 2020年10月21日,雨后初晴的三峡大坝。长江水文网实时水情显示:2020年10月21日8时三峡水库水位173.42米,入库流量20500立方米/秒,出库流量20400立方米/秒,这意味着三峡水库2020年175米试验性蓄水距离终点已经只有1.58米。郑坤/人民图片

************

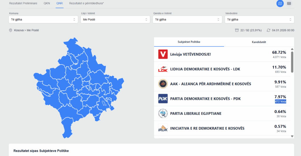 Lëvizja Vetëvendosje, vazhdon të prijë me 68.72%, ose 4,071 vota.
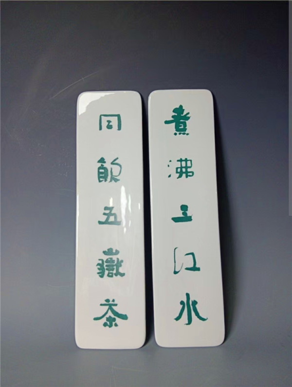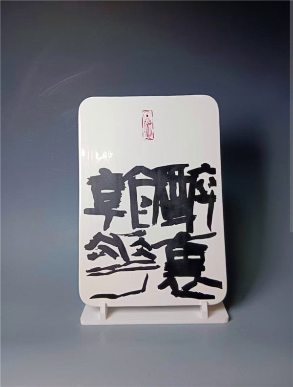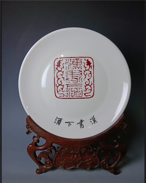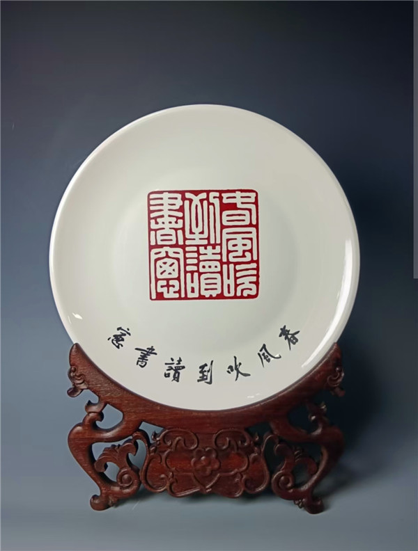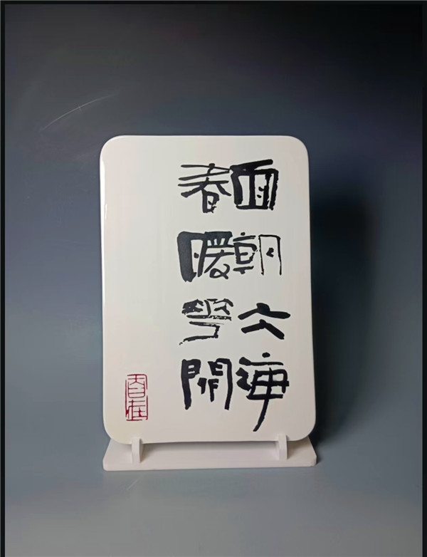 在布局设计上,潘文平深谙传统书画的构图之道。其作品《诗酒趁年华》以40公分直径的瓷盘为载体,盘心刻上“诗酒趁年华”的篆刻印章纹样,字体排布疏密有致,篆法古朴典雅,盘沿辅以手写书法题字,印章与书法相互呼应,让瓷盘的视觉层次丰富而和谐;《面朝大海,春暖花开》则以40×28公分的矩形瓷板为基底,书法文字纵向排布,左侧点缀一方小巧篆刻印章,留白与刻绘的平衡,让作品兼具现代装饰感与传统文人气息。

************

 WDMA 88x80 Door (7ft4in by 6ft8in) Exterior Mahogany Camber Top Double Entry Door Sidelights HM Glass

************

## What you have to do:
From the records above, copy exactly the lines starting at the one with "Lëvizja Vetëvendosje, vazhdon" and ending at the one with "在布局设计上,潘文平深谙传统", and no others. Pictures stay out.

## Response to this exercise:
 Lëvizja Vetëvendosje, vazhdon të prijë me 68.72%, ose 4,071 vota.
 在布局设计上,潘文平深谙传统书画的构图之道。其作品《诗酒趁年华》以40公分直径的瓷盘为载体,盘心刻上“诗酒趁年华”的篆刻印章纹样,字体排布疏密有致,篆法古朴典雅,盘沿辅以手写书法题字,印章与书法相互呼应,让瓷盘的视觉层次丰富而和谐;《面朝大海,春暖花开》则以40×28公分的矩形瓷板为基底,书法文字纵向排布,左侧点缀一方小巧篆刻印章,留白与刻绘的平衡,让作品兼具现代装饰感与传统文人气息。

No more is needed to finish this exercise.